Successful websites are designed and built. A good web designer approaches a website build like an architect — designing the right functionality, structure and use of materials to get the best results. Only a painter/ decorator would focus on the colour scheme and finished look.
And what’s the fundamental building block, foundations and bulk of a website? Content.
Chocolate teapots and animal cruelty
No matter how beautiful a chocolate teapot might be, it’s still useless — in design you just can’t ignore the content.
An architect can’t ignore what material they have to work with and how to get the best from it — first you must ensure the design is fit-for-purpose and built on solid foundations. Ignore this and then, no matter how pretty the ‘design’, it won’t be effective and will fail.

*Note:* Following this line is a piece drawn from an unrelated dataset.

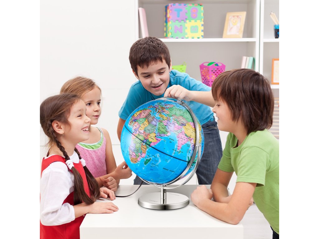 Tento pútavý glóbus je ideálny na zoznámenie detí so zázrakmi geografie. Jeho viacsmerové otáčanie zlepšuje priestorové povedomie a rozširuje ich obzory. Skúmaním geografických aj astronomických poznatkov tento glóbus pomáha rozvíjať vedecké myslenie mladých ľudí.

What if none of your content fits? Are you supposed to ruin effective sales copy or change your message to fit the design? Isn’t that like sawing the legs off a racehorse because the stable ceiling is too low?
Putting the maimed horse before the cart
Beware web decorators that don’t ask for any content before starting a design. A Photoshop mock-up with ‘ipsum lorem’ filler text is hardly a design built to your specific needs to maximise the value of your content is it? Ask this kind of web designer exactly which shade of blue will boost your sales the most or if search engines prefer stripes or polka dots!
Good web designers need to know…
What pages are needed? How will they link? What will the navigation be? Where do you want the visitor to go? What needs focus? What message is being communicated? What’s the optimum site architecture for SEO, sales funnels and effective calls-to-action? How much space does each content block need? How does the content flow? How do the graphical elements support the message, brand, sales copy and tone of voice? Is the design unified or at odds with the content? Does everything come together to create the best user experience and sales environment? etc…
You need content to answer those questions and design an effective website. If you’re not being asked about your content or you’re a web designer who ignores it then you should change to someone who does.






7 comments/ references for Website designer/ architect or painter/ decorator?
ErisDS — 5 comments
All clients need to read this.
In too many cases, web designers have no option but to go with Lorem Ipsum as they are given nothing other than a few headings, a basic site structure, or worse nothing to work with.
In a perfect world all clients come with content at the ready, in this less-than-perfect world, we do what we have to do to get the job done because the customer is always right – they want to see a design next tuesday & the content is “On it’s way”…
Meshach
Great article.
Scott S
Another wise article John.
Have to agree with Eris though. As designers, we don’t always have the luxury of content when it comes to the initial design!
Keep up the good work old chap!
Wizely,
SEO Copywriter
Thanks Scott! It’s easy to see that web design clients are often their own worst enemy by not thinking “What do I want to say?” before worrying about how to present it.
I’m with Eris too – “All clients need to read this” and she’s spot-on with people in such a rush to see a design that the content’s always “On its way”. But effective websites (and most communications for that matter) get the best results through copy and design working in harmony – what you say and how you say it.
Content shouldn’t be a luxury it should be a necessity!
It’s not always possible to get complete content before working on the design, but when copywriter and designer work together? Well there’s no doubt that the client gets a website that will get better results.
And why don’t web design clients realise this? (Here’s where I think web designers on the whole can’t just blame their clients!) Because the vast majority of designers don’t talk about copy and so many focus on their craft (ooh it’s w3c-compliant XHTML!) that they don’t talk to their clients about how the website is actually going to make sales.
Let’s get together in harmony and make this imperfect world perfect – content isn’t a dirty word, start mentioning it!
Thanks guys
Duncan — 1 comment
The nail has been hit on the head in this article and in the comments here.
We are constantly chasing clients for copy, it seems that most do not know where to start and so put it off despite our efforts to get it at the beginning of a project.
We have now teamed up with a great copywriter to offer a copy writing service to run in parallel with the web design.
This should help those client who struggle to write anything at all and those who write pages and pages of copy that just doesn’t have the focus and concentration that a good copywriter can achieve.
Writing good copy is just as much a skill as designing a website and I think its often not given the credit and attention it deserves.
Rob Mason — 4 comments
“Putting the maimed horse before the cart” – classic.
Marlene Affeld
I am preparing to build a new site and will be hiring a website design company. Your article was very helpful – answered a lot of questions and cleared confusion. Thanks for the information.